--- Data extracts ---

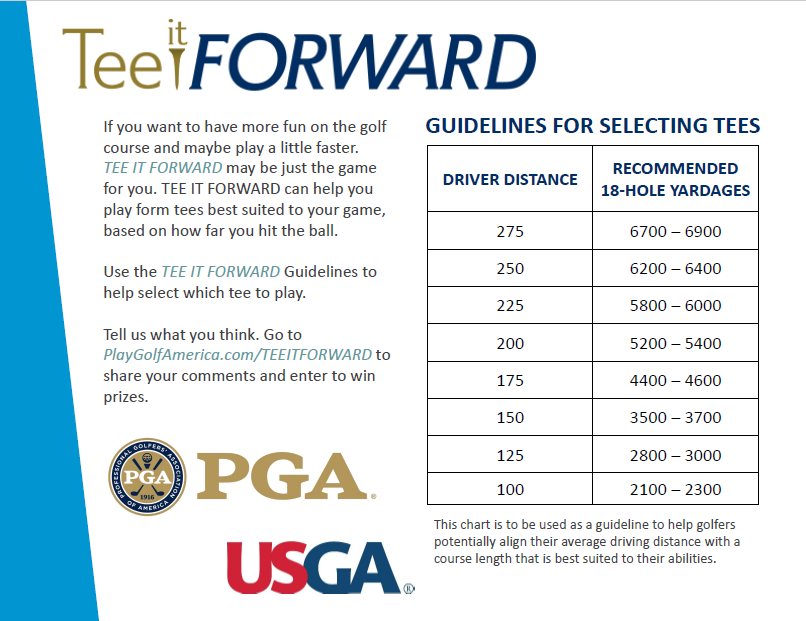 1. Start Smart – Confirmation of your tee time in advance and make it a point to arrive early and ready to play. “Tee it Forward” unless you are consistently able to reach greens in regulation from the back tees. Play from a set of tees that is confortable for you. It is acceptable for players in the same group to play from different tees, and the USGA Handicap System provides a formula for adjusting handicaps from different tees if needed.
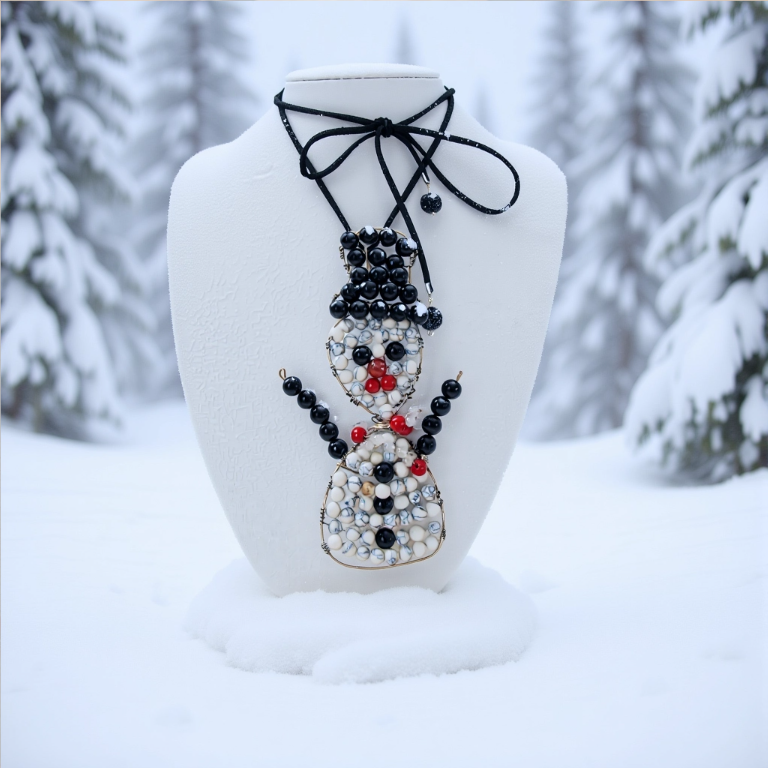 Dočarajte čaroliju zime s ovim šarmantnim privjeskom u obliku snjegovića. Svaki detalj pažljivo je ručno oblikovan od pažljivo odabranog poludragog kamenja, stvarajući veselog zimskog prijatelja koji donosi radost i toplinu u hladne dane. Prirodna ljepota kamenja daje ovom snjegoviću jedinstveni karakter i šarm.
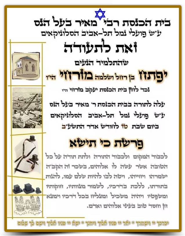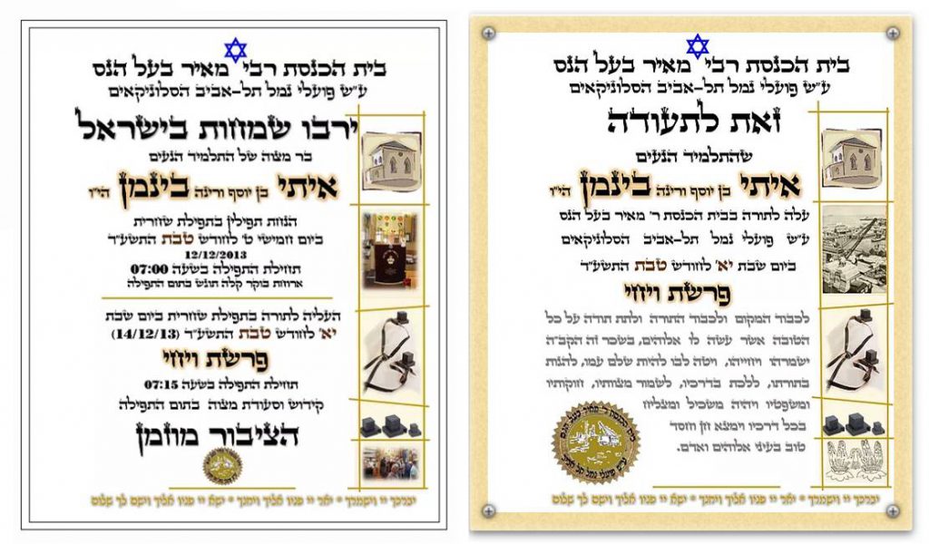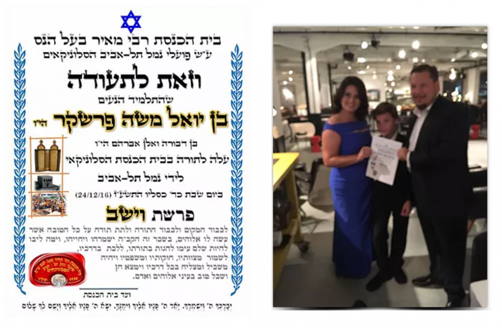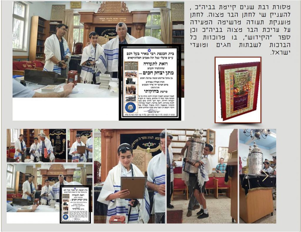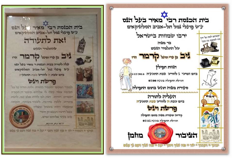 מסורת רבת שנים נוספת הנהוגה בבית הכנסת היא להעניק לתלמיד הבר מצוה תעודה מהודרת המעידה על עריכת הבר מצוה, הנחת התפילין והעליה לתורה בבית הכנסת על שם פועלי נמל תל-אביב הסלוניקאים. בנוסף, הענקנו לאיתי שי נוסף, ספר הקידוש בו כל הברכות הנהוגות בשבתות, חגים ומועדי ישראל. בתמונה, תוכלו להתרשם מהתעודה המהודרת שהוענקה לאיתי.
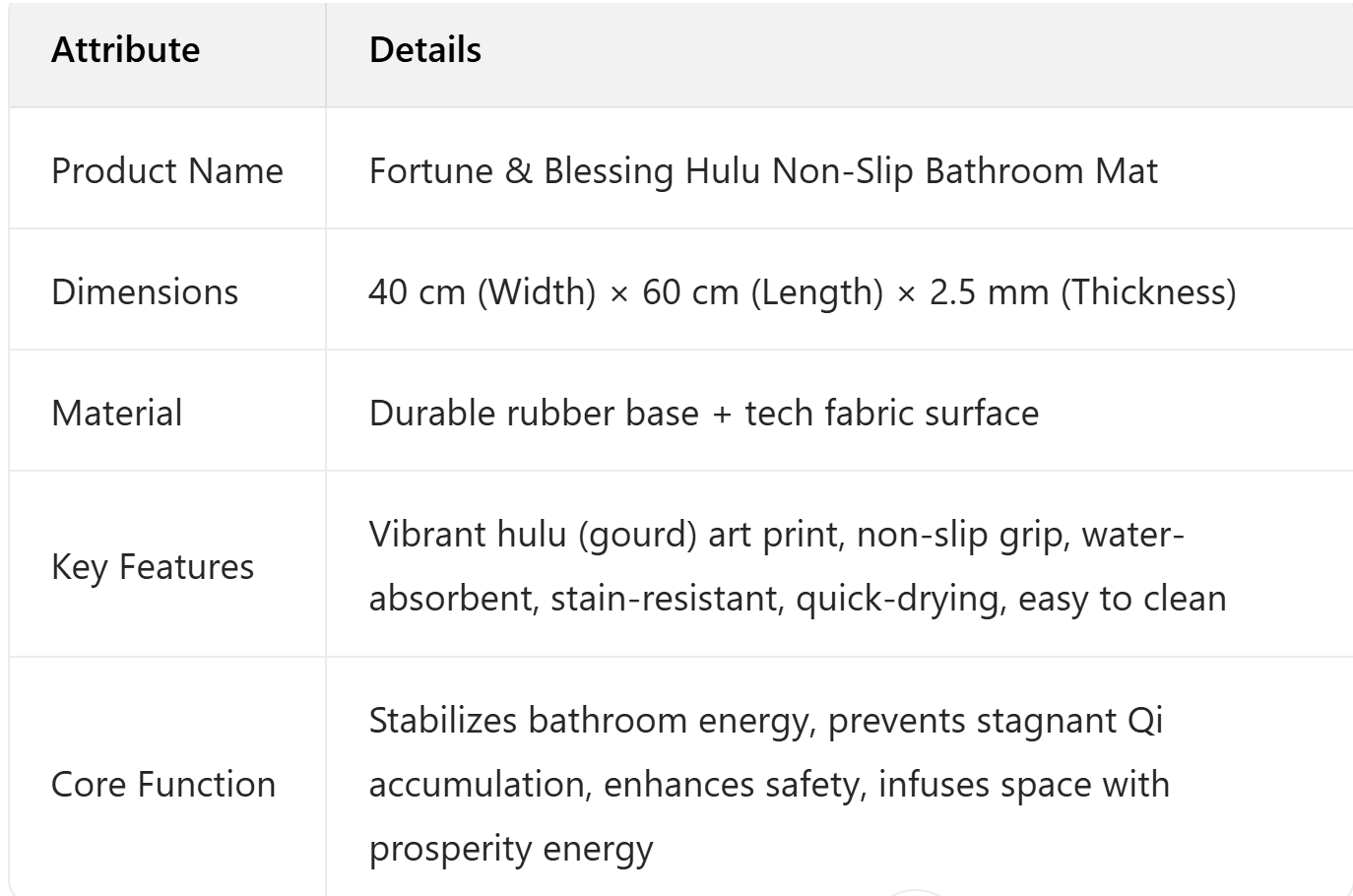- Fortune & Blessing Hulu Mat: Position it in front of your shower, bathtub, or sink to create a stable, energy-balanced foundation. Its non-slip design ensures safety, while the hulu print reinforces positive energy flow in your bathroom.
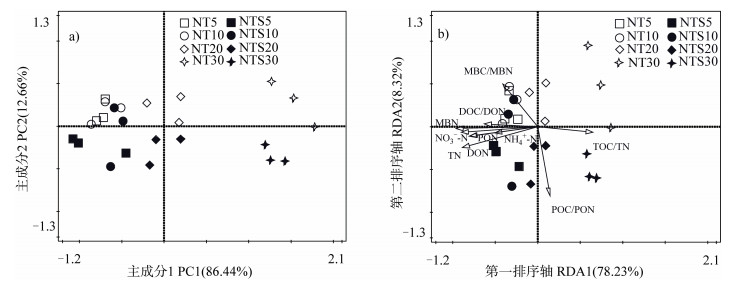 1.4 土壤氮组分及土壤微生物群落组成的测定土壤氮组分测定:土壤TN采用半微量凯氏法,NH4+–N采用靛酚蓝比色法,NO3––N采用紫外分光光度法,MBN采用氯仿熏蒸法,测定方法参考《土壤农业化学分析方法》[18]。DON采用Jones和Willett[19]的方法:将相当于干土质量20 g的新鲜土样加入100 mL蒸馏水,置于摇床(200 r·min–1)震荡1 h,然后用离心机以4 000 r·min–1离心10 min,将上清液通过0.45 μm滤膜,用总有机碳分析仪(Multi N/C 3100,耶拿,德国)测定其含量。PON采用Cambardella和Eillott[20]的方法:向盛有10 g过2 mm筛风干土的离心管中加入30 mL浓度为5 g·L–1的六偏磷酸钠((NaPO3)6)溶液,放置于摇床(150 r·min–1)上震荡16 h后,将全部溶液置于53 μm筛上,用蒸馏水轻轻冲洗至滤液澄清,将筛上的土壤转移至烧杯,于55℃下烘干至恒重,用测定全氮的方法测定其含量。

---

**Required work:**
For this task, return exactly the stretch of the listing above from the line with "מסורת רבת שנים" through the line with "- Fortune &", inclusive and without pictures.

**Exercise output:**
 מסורת רבת שנים נוספת הנהוגה בבית הכנסת היא להעניק לתלמיד הבר מצוה תעודה מהודרת המעידה על עריכת הבר מצוה, הנחת התפילין והעליה לתורה בבית הכנסת על שם פועלי נמל תל-אביב הסלוניקאים. בנוסף, הענקנו לאיתי שי נוסף, ספר הקידוש בו כל הברכות הנהוגות בשבתות, חגים ומועדי ישראל. בתמונה, תוכלו להתרשם מהתעודה המהודרת שהוענקה לאיתי.
- Fortune & Blessing Hulu Mat: Position it in front of your shower, bathtub, or sink to create a stable, energy-balanced foundation. Its non-slip design ensures safety, while the hulu print reinforces positive energy flow in your bathroom.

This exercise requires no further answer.